In that sense, I'm making it work like Python code in a file. The advantage of code in files is that I can use all of the slick code analysis tools that will warn me about my mistakes. I wish there were something that would let those tools go through the code in a Python notebook from top to bottom.

kzrdude · on March 26, 2022

papermill is good and ploomber is a thing to watch.

Ploomber makes it systematic - store notebooks as .py (py:percent files for example), parameterize them with papermill and execute as a batch job. One can view the resulting jupyter notebooks as .ipynb later and produce reports as html if wanted. It's really good already, and better if ploomber gets more development.

The whole reason it works is because it's easy to open the .py notebook and work on it, interactively, in jupyter.
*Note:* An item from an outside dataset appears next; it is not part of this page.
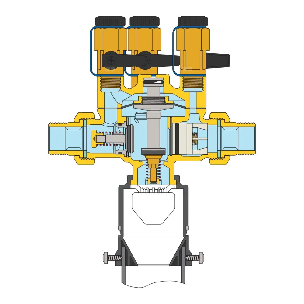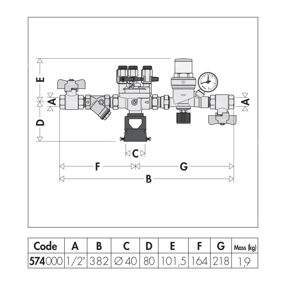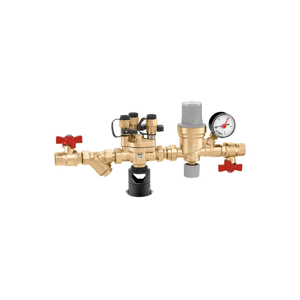 Automatyczny zestaw do napełniania instalacji z izolatorem przepływów zwrotnych typu BA, filtrem skośnym i zaworami odcinającymi Izolator przepływów zwrotnych certyfikowany zgodnie z normą EN 12729 Przyłącze: G 1/2" (ISO 228-1) GW. Maksymalne ciśnienie pracy: 10 bar. Zakres temperatury medium: 5–65 °C. Zakres regulowanego ciśnienia: 0,2–4 bar.

The main idea - jupytext for .py notebooks and papermill for parameters & execution - that's already "stable" and easy for anyone to use for their own purposes.

edublancas · on March 26, 2022

(ploomber maintainer here)

Any feedback for us? What can we do to improve Ploomber?
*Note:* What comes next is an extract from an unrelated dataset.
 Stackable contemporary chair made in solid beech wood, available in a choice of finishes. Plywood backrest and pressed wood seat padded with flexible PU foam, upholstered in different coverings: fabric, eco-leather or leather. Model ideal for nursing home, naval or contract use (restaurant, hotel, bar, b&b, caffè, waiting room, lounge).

kzrdude · on March 27, 2022

Maybe I haven't come far enough with my ploomber use to tell yet! It works nicely but I know I'll learn more and open my eyes more as I go.

As a first impression, I eventually found meta.extract_upstream = False which I think is important. Reason: The code for each step should be a lego piece, a black box with inputs and outputs. That code should not itself hardcode what its predecessor in the pipeline is - you connect the pieces in pipeline.yaml. (extract_upstream = False is not by itself enough to solve this, since you also need to be able to rename inputs/outputs for a notebook to be fully reusable as a lego piece, but it's good enough for now.)
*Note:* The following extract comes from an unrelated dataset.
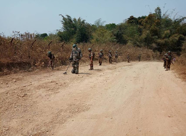 ရခိုင်ပြည်နယ်အတွင်းရှိ တိုက်ပွဲရှောင်ပြည်သူများ ၎င်းတို့၏နေရပ်ဒေသအသီးသီးသို့ ပြန်လည်နေထိုင် နိုင်ရေး အတွက် အနောက်ပိုင်းတိုင်းစစ်ဌာနချုပ် နယ်မြေခံတပ်မတော်သား များက မိုင်းရှင်းလင်းရေးလုပ်ငန်းများ ဆောင်ရွက် ပေးသည်။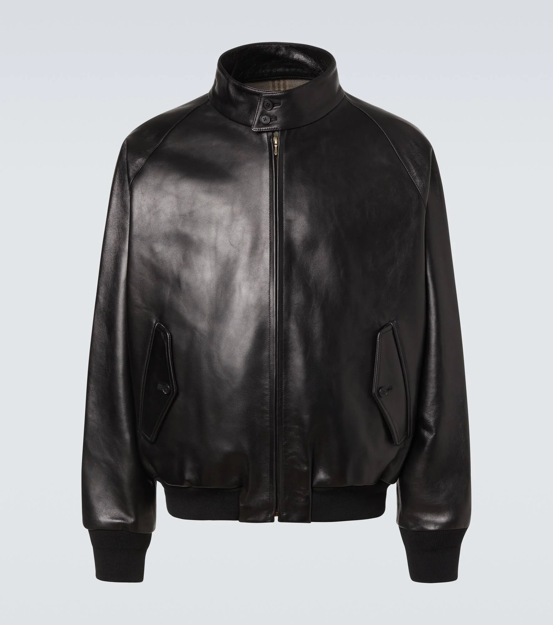 A.Presse takes classic workwear staples to a whole new level with a dash of Japanese flair. This bomber jacket is crafted from lamb leather with a zipped front and elasticated, ribbed trims. Product Details - Material: 100% lamb leather - Care instructions: specialist clean - Made in Japan - Designer color name: Black - Item color: black - Lining: 100% wool - Sleeve lining: 100% cupro - Trim: 95% wool, 4% nylon, 1% polyurethane - Closure: zipped front - Pockets: buttoned pockets, internal pockets - Cuff: ribbed - Hem: ribbed - Item number: P01069479 Size & Fit - True to size - Designed for a loose fit - Elasticated hem - Non-stretchy fabric - Falls to the hip - Height of model is 189cm-74.5" and wears a size 4

I also for my own sanity need to know more about how the jupyter extension part works, how it decides to load injected-parameters or not. But maybe I could learn that somehow from docs.

In general I want components that are easy to understand and plug together and less magic (but the whole jupyter ecosystem's source code feels this way to me unfortunately, lots of hard to follow abstractions passing things around). But it's developing rapidly and already very useful, thank you so much!

edublancas · on March 29, 2022

This is great feedback, thanks a lot!

I'll ensure we display the "extract_upstream" more prominently in the docs, we've been getting this feedback a couple times now :)

Re: the Jupyter extension injects the cell when the file you're opening is declared in the pipeline.yaml file. You can turn off the extension if you prefer.

Feel free to join our community, this feedback helps us make Ploomber better!

https://ploomber.io/community

monkeybutton · on March 26, 2022

Being able to hack out code to explore and experiment with data while not having to reload and reprocess data (thanks to that global mutable state!) saves a hell of a lot of time in the long run.

mistrial9 · on March 26, 2022

.. and get more new users each year than four generations of PCs combined

patrick451 · on March 26, 2022

> matplotlib doesn't score highly on usability.

The one place matplotlib sucks is any kind of interactivity. But other than that, matplotlib has the best, most intuitive interface of all the python plotting libraries I've tried. It's also one of the few libraries that doesn't rely on generating html for a webbrowser, which makes for a miserable workflow.

I still think Matlab's plotting is untouched by open source options.

cinntaile · on March 26, 2022

Matplotlib hides a lot of complexity if you ask me. As soon as you do something in a different way than intended you're off searching stackoverflow for a post that did something similar to what you want. Then you tweak it a little and hope it works.

taeric · on March 26, 2022

The charts that R produces are typically better looking. But...R. :(